Sunday, July 13, 2008

So true...

(and that's what I've been trying to do since I last posted on Friday... learning to surf the *waves* instead of getting wiped out... and lemme tell you, there's a whole lot of falling off the darn board involved...)


Added at 11:25 am:
Ay, another wipe-out by a *wave* I didn't see coming...
And there seems to be a lot of what's expressed going around on the various blogs.

Summer time with kids on the spectrum is just so incredibly hard. I think most of us do a really good job at staying in the moment, only comparing how our kids are NOW to where they WERE. But then that school break comes along.. and with that the family and friends get-to-gethers, the increased unstructured social time, seeing packs of kids running around all day in your neighborhood...

All summer long, we get bombarded with situations where you can't help but notice that, no matter how far your child has come, they still have far to go compared to their neurotypical peers... And quite a few of us have to face up to the fact that our child may never catch up, that there may always be *stuff* that needs to be dealt with...

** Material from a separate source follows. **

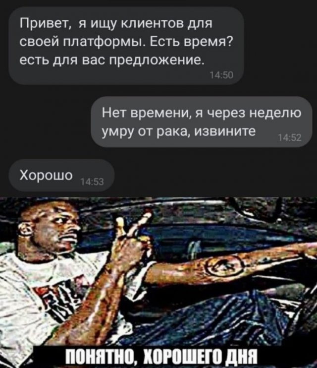 Есть, безусловно, люд, какие выговорят, что все эти шутки - или безголовые, или аморальные и безжалостные. Но, жрать и иные пользователи, какие век держат жизнелюбие и позитивный настрой. Если вы глядите ко другой категории и можете оценить диковинный и агатовый юмор, возвысив себе надвигаться - добросердечно пожаловать!

I remember talking on the phone with a dear friend about a year ago, and he was asking how our summer was going (and last summer was a tough one, having just started Step 2 of Dr. Amy's protocol with Salamander). And I fell silent as I could not find the words to express how torn up I was over the fact that I HAD to push through the truly horrendous detox Salamander was experiencing, that -I- had to *do this* to my child...

He *got* how much I was struggling to find the right words... And all he said was: "It must be SO hard." It took all I had to not start bawling in response...

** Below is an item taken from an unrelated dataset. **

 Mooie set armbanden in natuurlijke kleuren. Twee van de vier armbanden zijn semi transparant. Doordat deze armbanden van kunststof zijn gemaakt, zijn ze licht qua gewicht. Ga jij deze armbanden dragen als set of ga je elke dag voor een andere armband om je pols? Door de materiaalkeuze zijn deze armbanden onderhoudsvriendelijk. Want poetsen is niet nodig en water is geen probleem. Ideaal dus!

Yes, it IS GD f#cking hard....

(Salamander woke up *totally mito* this morning, and just crashed. SHIT, SHIT, SHIT. No 10 year old boy should have to deal with this kind of crap when it is a gorgeous summer day and all the other kids are running around having a ball...)

3 Comments:

At 11:10 PM, July 13, 2008 , Anonymous Anonymous said...

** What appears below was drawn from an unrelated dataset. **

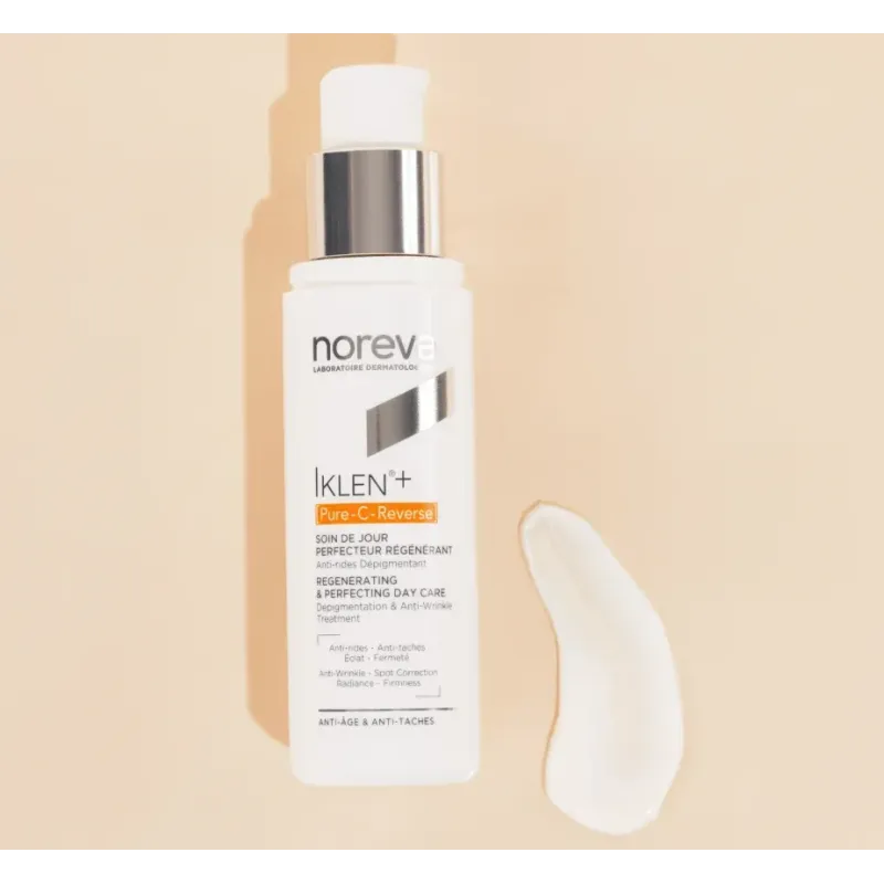Soin de jour NOREVA IKLEN+ PURE-C-REVERSE, anti-âge global 4-en-1, corrige les rides et les taches, redonne éclat et fermeté grâce à la Vitamine C stabilisée et au duo d'Acide Hyaluronique.

I know its hard so very harddddddd, but you just have to keep pushing forward. I stop looking at the other kids Matthew's age and what they can do and I just keep pushing Matthew to be the best he can be. You have to believe in a better tomorrow with the step you take today. Your friend
Daniel
www.recoveringMatthew.blogspot.com

 
At 12:14 AM, July 14, 2008 , Anonymous Anonymous said...

My God woman, do you ever get a break? Seems just when you poke your head out from behind the bunker all hell breaks loose again. I am terribly sorry, but I know you are working your ass off to help Salamander.

Oh, and question in the back... What does "totally mito" mean exactly? We recently got word that certain markers indicate Charlie is "a mito kid" - this happened when all hell broke loose around here a few weeks ago. I have yet to truly investigate what this means, as I've just turned our world right side up again. Back to the books/Google.

Feel free to email... I'm pulling for you guys, and so, so sorry S is having to go through this crap.

 
At 4:06 AM, July 14, 2008 , Blogger Petra said...

My thanks to you both (yup, up early). Salamander IS doing better, we'll take it nice and slow today and then we'll take it from there.

Jeanne, breaks are for 'sissies'.. LOL...I'll get back to you on the *totally mito* comment. It may take me a day (as the reason I'm up so friggin' early is to get work related stuff done that's due by 5 pm today). I'm pretty sure that in Charlie's case his lactate or pyruvate and/or the ratio of these two were 'off' (and combined with the elevated ammonia). Not surprising from your description of how he was. Give a holler if you haven't heard from me by sometime mid day tomorrow.